Escribe: El Peregrino Impertinente
Siempre lo mismo: el familiar, amigo, novio, novia se va de viaje y, a la vuelta, ¿qué te trae de regalo? Sí, una remera horrible del lugar donde estuvo. Un acto reflejo del turista y su andar con valija. Espécimen que, casi por instinto, se sumerge en las ciénagas del “notienegolletismo” y entra en la tienda de souvenires para decir: “Déme dos”.
A cambio, se lleva esas prendas que el sólo verlas provoca gastroenteritis. Tela que no quiere ni el perro para su cucha, diseños realizados por alguien cuyo apetito por la vida es similar al de un bicho cascarudo, mal gusto desde el cuello hasta la última costura.
Una cosa espantosa.
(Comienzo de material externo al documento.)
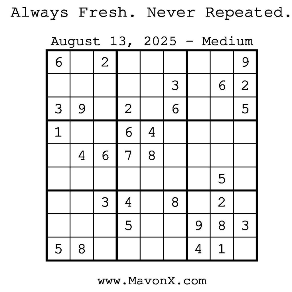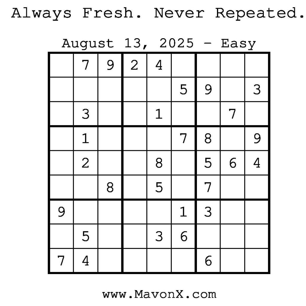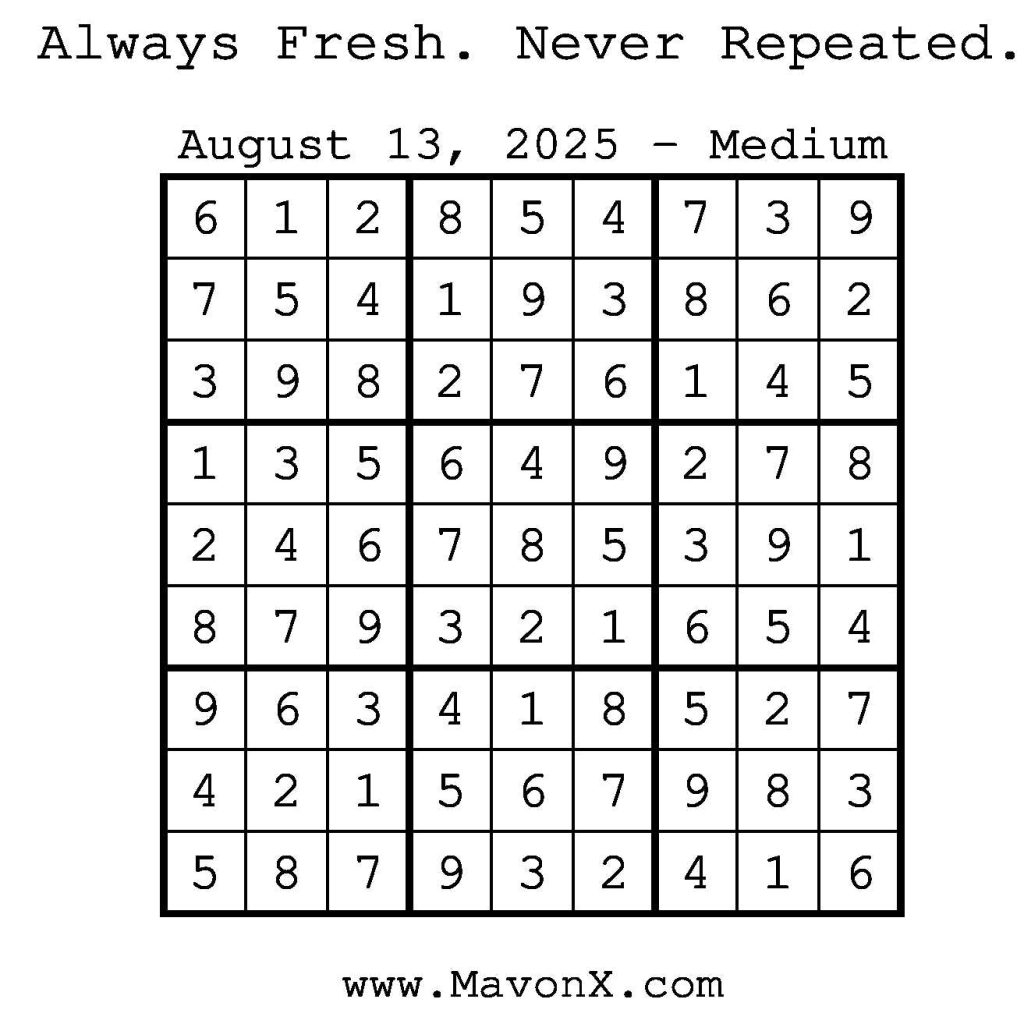 Puzzles of the Day – August 13, 2025 Post author:admin Post published:August 14, 2025 Post category:Free Stuff / Puzzle of the Day / Puzzle of the Day Solutions / Solutions Post comments:0 Comments Check out our books on Amazon! Check out our books on Barnes and Noble! Check out our books on Etsy! Easy Sudoku Coach Link Medium Sudoku Coach Link Hard Sudoku Coach Link Show Solution You Might Also Like Puzzles of the Day – April 18, 2025 April 17, 2025 Puzzles of the Day – February 25, 2025 February 25, 2025 Puzzles of the Day – March 31, 2026 March 29, 2026 Leave a Reply Cancel replyCommentEnter your name or username to comment Enter your email address to comment Enter your website URL (optional) Save my name, email, and website in this browser for the next time I comment.
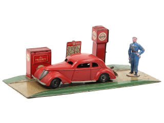 dimensions : 24 X 12 X 8,5 cm - avec colonne équipé d'un mécanisme permettant de remonter le moteur de la voiture (avec porte ouvrante), coupé en tôle (longueur 14 cm, moteur à clef fonctionne) & un personnage en plomb creux (état 'D' non d'origine) - tuyaux séchés & incomplets - fixation de panneau non d'origine

Viene la chica y le entrega a su enamorado una remera que dice: “Estuve en San Carlos Minas y me acordé de vos”. Pues vaya forma de acordarse de uno. Con lo fácil que resulta comprar una caja de alfajores. Pero no, la regla indica que hay que traer remeras, preferiblemente de colores chillones y dibujos en nada tocantes a lo bello. Mientras más feas, grotescas y desagradables sean, mucho mejor.
Y mirá que lo hacen con buena fe, eh...
Uno a veces se piensa que el gesto trae escondida alguna carga de desprecio, de cinismo. Nada más lejos de la realidad. Lo que pasa es que cuando se trata de remeras turísticas, el visitante deja de ser dueño de sí. Todo el criterio y sentido común que en él habitan, huyen al exilio para que en su lugar gobiernen la imprudencia y el desatino. El resultado es nefasto. Que lo diga el obsequiado, si no.
La madre llega de vacacionar en la playa y le regala al hijo una remera de “Recuerdo de Santa Clara del Mar”. Antes que eso, el chico hubiera preferido un caracol con la cara de Rodríguez Saá. O napalm, lo que encuentre primero.
Sociedad de consumo, hermanos míos. Acostúmbrense.